Das Obergericht schickt den Fall deshalb zurück nach Bülach. Der Bezirksrat muss dem Betroffenen nun die Möglichkeit geben, seine Einwände in geeigneter Form vorzubringen.
Nicht der erste Rüffel für Bülach
Es ist nicht das erst Mal, dass das Zürcher Obergericht den Bezirksrat Bülach rüffelt. Bereits im vergangenen Sommer tadelten die Zürcher Richter die Behörde im Unterland. Der Grund waren grobe Verfahrensfehler, ebenfalls bei einem KESB-Fall.
Beim damaligen Fall passierten so viele Formfehler, dass das Obergericht den Entscheid kurzerhand für ungültig erklärte. So wurde etwa die Einsprachefrist für die Mutter zwei Mal verlängert, für den Vater aber nicht. Ein Protokoll bestand aus handschriftlichen A4-Blättern voller Gekritzel.

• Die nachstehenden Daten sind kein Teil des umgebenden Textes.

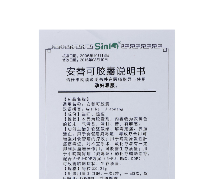| 商品名/品牌 | 安替可胶囊/sinl |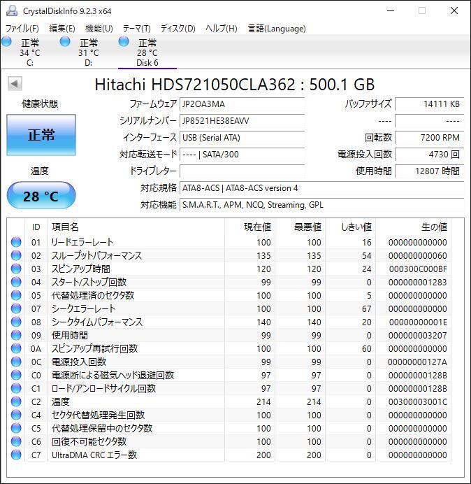 C6 100 100 __0 000000000000 回復不可能セクタ数
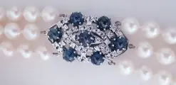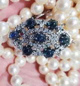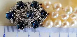 38 mm x 24 mm x 10 mm in 18 kt witgoud met 7 natuurlijke cabochonsaffieren van 7 mm x 6 mm, +/- 16-18 ct +/- en 34 briljant geslepen diamanten van 3 mm +/-, 2 ct +/- WWS1/WWS2/VS1 G/H kleur .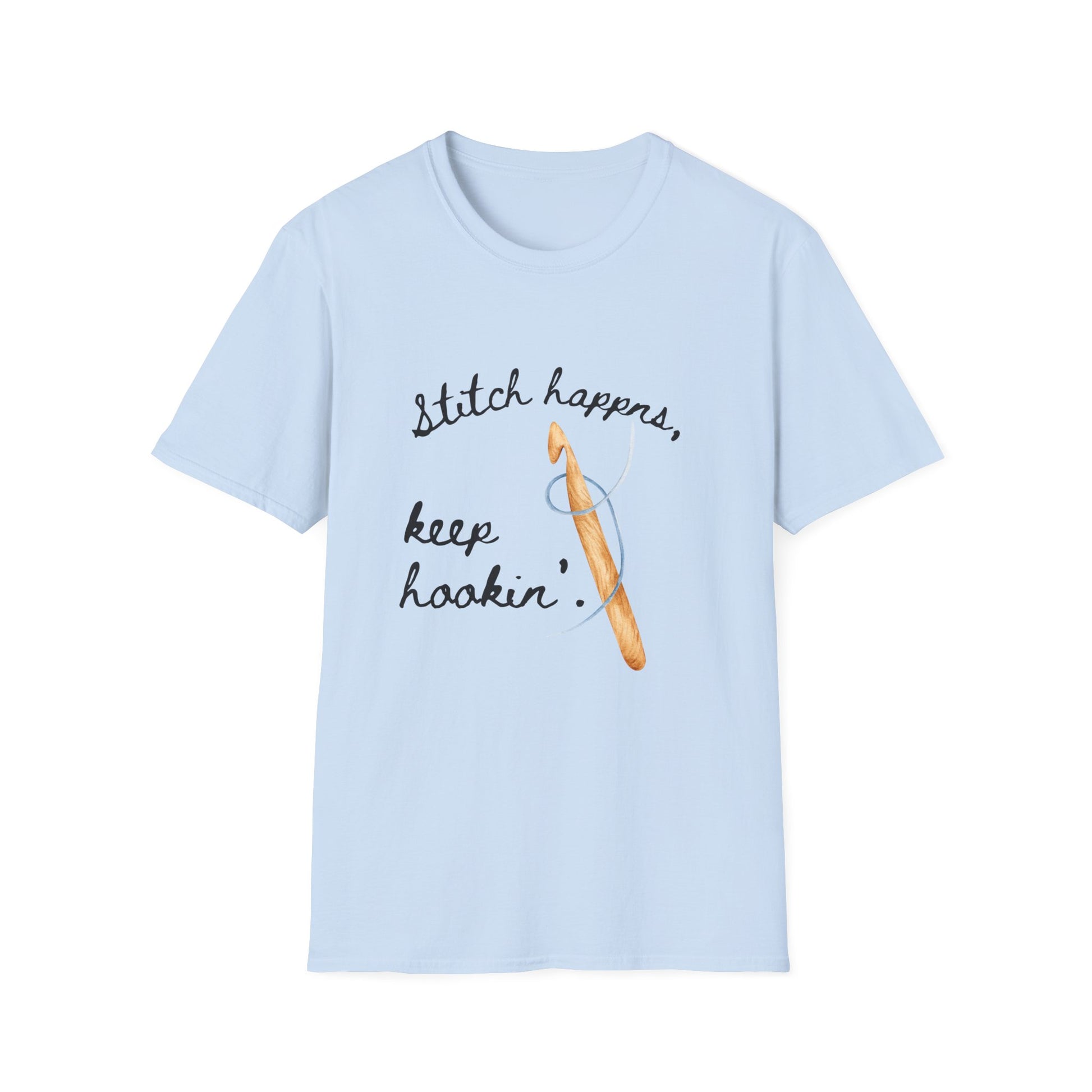 Crochet Tee — “Stitch Happens, Keep Hookin’” Crochet Lover T‑Shirt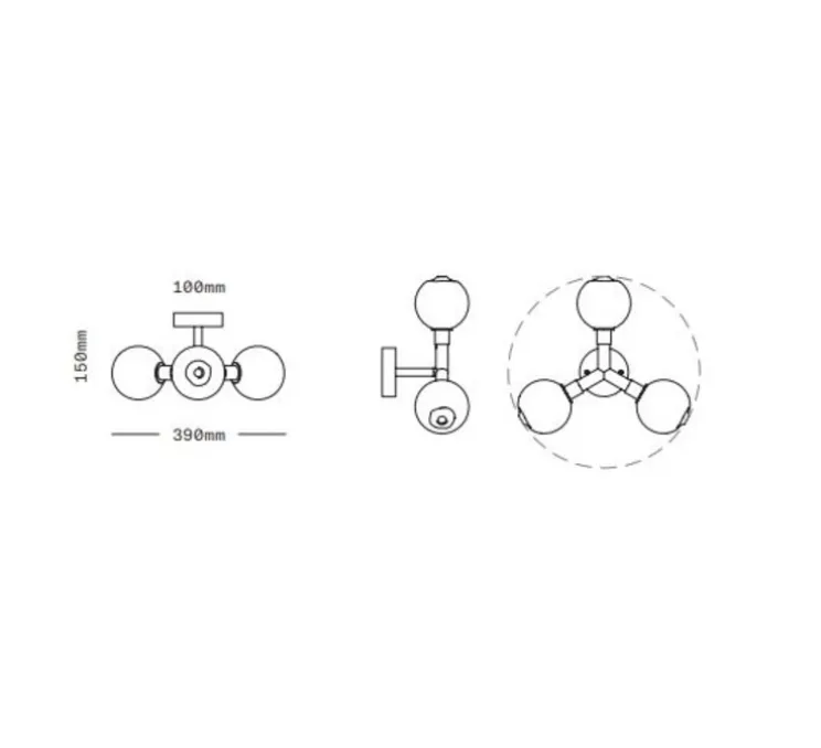 L’applique mesure 39cm de hauteur et chacune des sphères a un diamètre de 11cm. Elle est fournie avec sa source de lumière, 3 ampoules G9.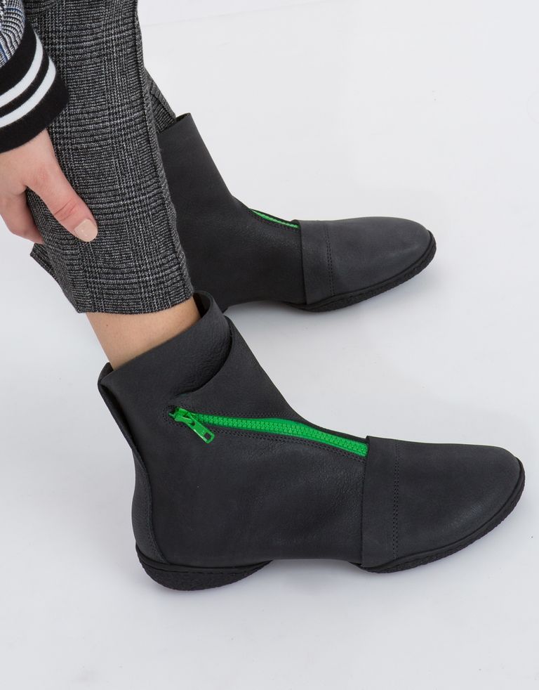 מגפוני נשים עם רוכסן צבעוני שעושה לנו כיף. צבועים בשיטה טבעית, ללא כימיקלים, ועשויים מחומרים המפחיתים ככל האפשר את הפגיעה בסביבה. הסולייה לא רק נוחה בצורה לא-רגילה, היא גם ניתנת למיחזור. כדאי שתדעי – שיטת הצביעה יכולה לגרום לשינויים קלים בצבע או סימנים בעור, אבל זה חלק מהיופי, כל זוג טריפן מגיע עם ייחודיות ועניין משלו.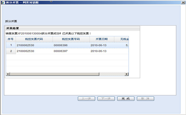【第七步】点击〖完成〗按钮,即完成拆分开票。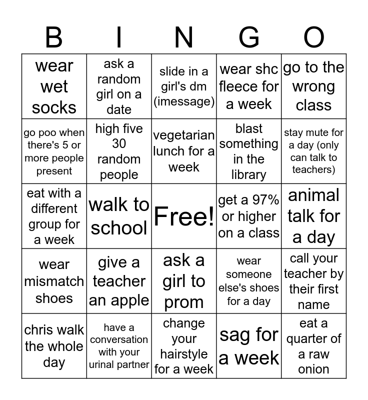 This bingo card has a free space and 24 words: give a teacher an apple, have a conversation with your urinal partner, vegetarian lunch for a week, chris walk the whole day, go to the wrong class, wear wet socks, go poo when there's 5 or more people present, ask a random girl on a date, get a 97% or higher on a class, ask a girl to prom, blast something in the library, eat with a different group for a week, wear someone else's shoes for a day, call your teacher by their first name, high five 30 random people, sag for a week, animal talk for a day, slide in a girl's dm (imessage), stay mute for a day (only can talk to teachers), walk to school, eat a quarter of a raw onion, wear mismatch shoes, wear shc fleece for a week and change your hairstyle for a week.

Auch mit der Besetzung des Bezirksrates stimmte damals etwas nicht. Es redeten zu viele Leute mit, die gar nicht dazu berechtigt waren. Der Regierungsrat nimmt den Bezirksrat Bülach aber in Schutz. Die Zahl der erhobenen Rechtsmittel gegen Entscheide aus Bülach sei verglichen mit anderen Bezirksräten nicht auffällig, schrieb er im November als Antwort auf einen Kantonsrats-Vorstoss.